_Try it_: Starting at the line with "Hierboven: Op het", return every line through the final one of the data, word for word. Pictures stay out.

_Recorded information_:
========================
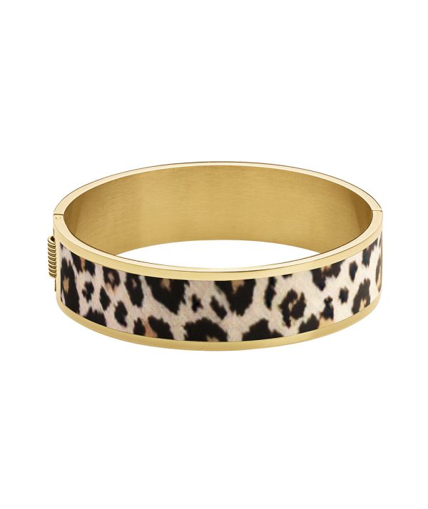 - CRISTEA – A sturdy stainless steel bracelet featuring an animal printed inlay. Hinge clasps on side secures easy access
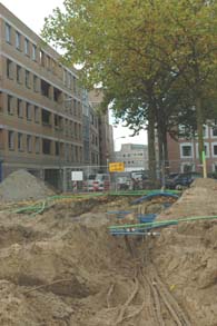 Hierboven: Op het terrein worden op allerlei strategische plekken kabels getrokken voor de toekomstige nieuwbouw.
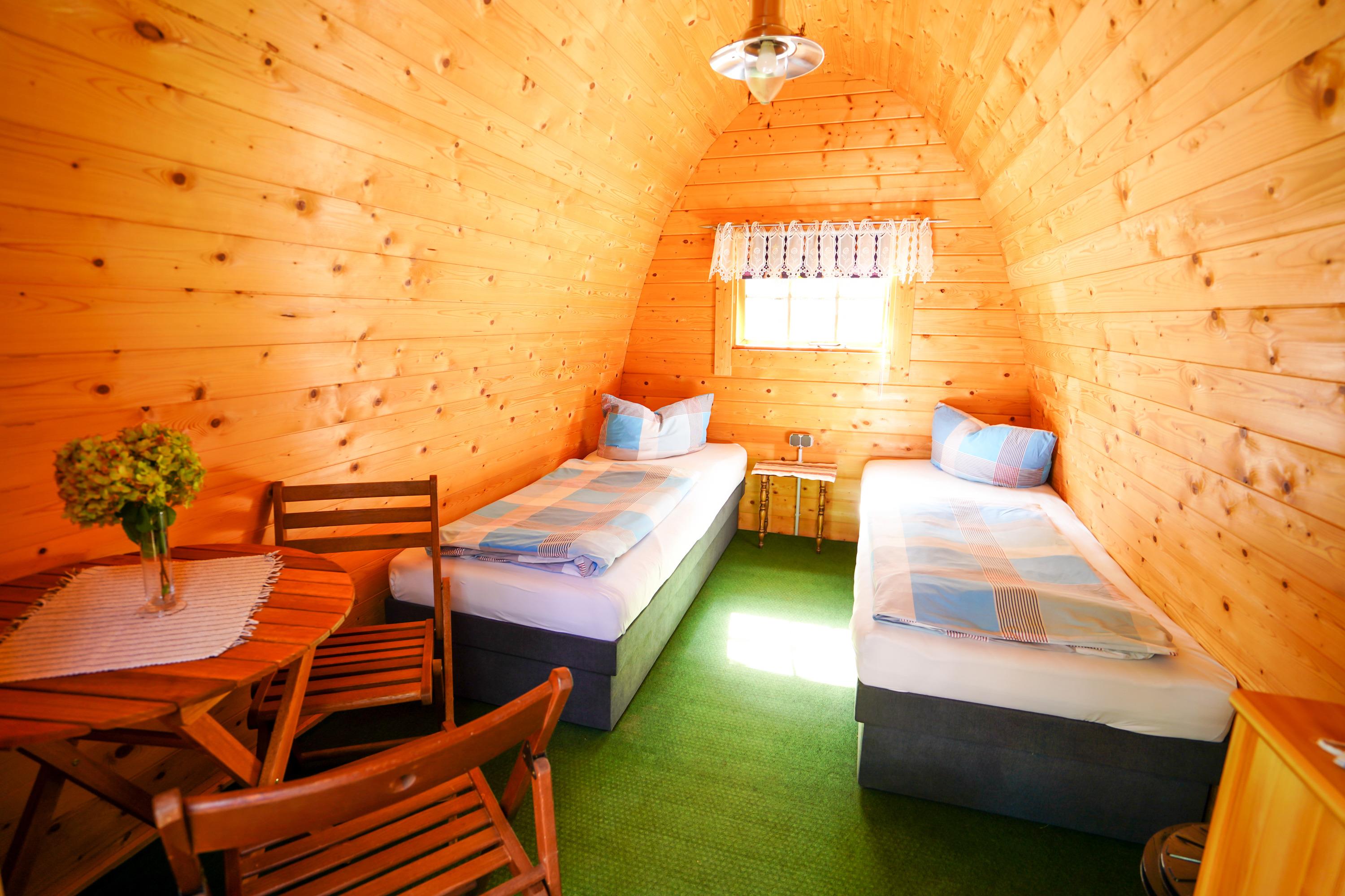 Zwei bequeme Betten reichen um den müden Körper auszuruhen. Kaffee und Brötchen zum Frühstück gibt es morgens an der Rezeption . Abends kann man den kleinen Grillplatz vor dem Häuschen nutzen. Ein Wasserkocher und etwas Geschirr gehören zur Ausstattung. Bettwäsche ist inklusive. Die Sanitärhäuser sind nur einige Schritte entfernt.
========================
_Task result_:
 Hierboven: Op het terrein worden op allerlei strategische plekken kabels getrokken voor de toekomstige nieuwbouw.
 Zwei bequeme Betten reichen um den müden Körper auszuruhen. Kaffee und Brötchen zum Frühstück gibt es morgens an der Rezeption . Abends kann man den kleinen Grillplatz vor dem Häuschen nutzen. Ein Wasserkocher und etwas Geschirr gehören zur Ausstattung. Bettwäsche ist inklusive. Die Sanitärhäuser sind nur einige Schritte entfernt.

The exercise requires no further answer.